Overzicht van de belangrijkste wetgevende handelingen van het Tsjechisch Voorzitterschap (en)
One of the foremost duties of the Presidency is the search for compromise wordings of new EU legislation acceptable to the Member States and, where co-decision applies, also to the Council and the European Parliament. The legislative procedure of the European Union being a continuous process, a number of legislative proposals in different stages of the adoption procedure were handed over to the Czech Presidency by the French Presidency.
The first version of The most important legislative acts settled during the Czech Presidency (as of 31 May 2009) contains exclusively an overview of legislation, the final wording of which was reached during the Czech Presidency, although some of these texts will be formally adopted only in the coming six months of the Swedish Presidency. This is also why the list does not include legislation that was settled during the preceding Presidencies and only given the formal seal of approval by the Council in the first half of 2009.
In the process of negotiating new Community legislation, the Presidency plays a crucial role since it seeks to harmonise the stances of the EU Member States and, in cases where the co-decision procedure is concerned, the positions of the Council as such and the European Parliament. During talks on acts governed by co-decision, the Presidency represents the Council in special meetings known as trialogues, in which it has to reach agreement with the European Parliament on the final wording of legislative texts. Trialogues are also attended by the European Commission as the sponsor of the text in question. The Presidency then has to defend the agreement in the Council from which it received the mandate for negotiating with the Parliament. Until the end of the term of office of the European Parliament, the Czech Presidency struck deals on 50 legislative acts adopted by co-decision.
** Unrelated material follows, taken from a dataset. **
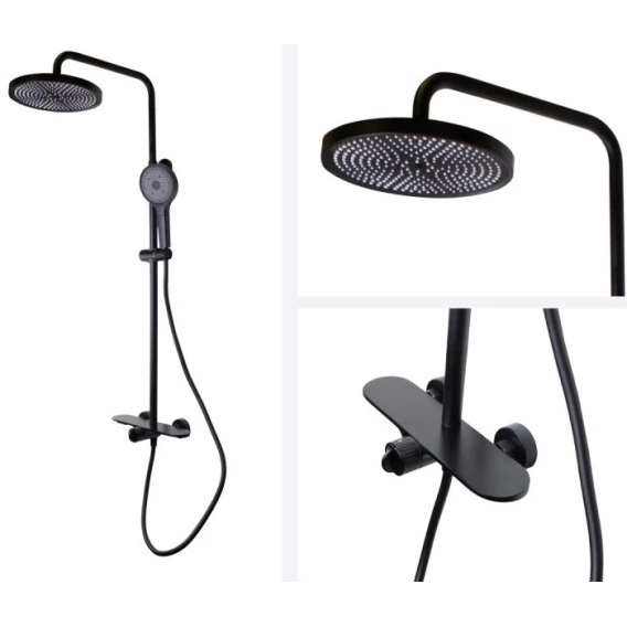 Душевая система Grocenberg GB7005BG 250 мм с термостатом, графит

In addition to this, the Czech Presidency has so far reached agreement on 17 other legislative proposals negotiated under the consultation procedure, where the Council is not obliged to take account of the opinion of the European Parliament. A number of other proposals being currently discussed in the Council, agreement on approximately ten more legislative acts can be expected to be reached by the end of June. Finally, there are many pieces of legislation on which decision is taken exclusively by the Council without consulting the European Parliament.
The most important legislative acts settled during the Czech Presidency (pdf, 106 kB)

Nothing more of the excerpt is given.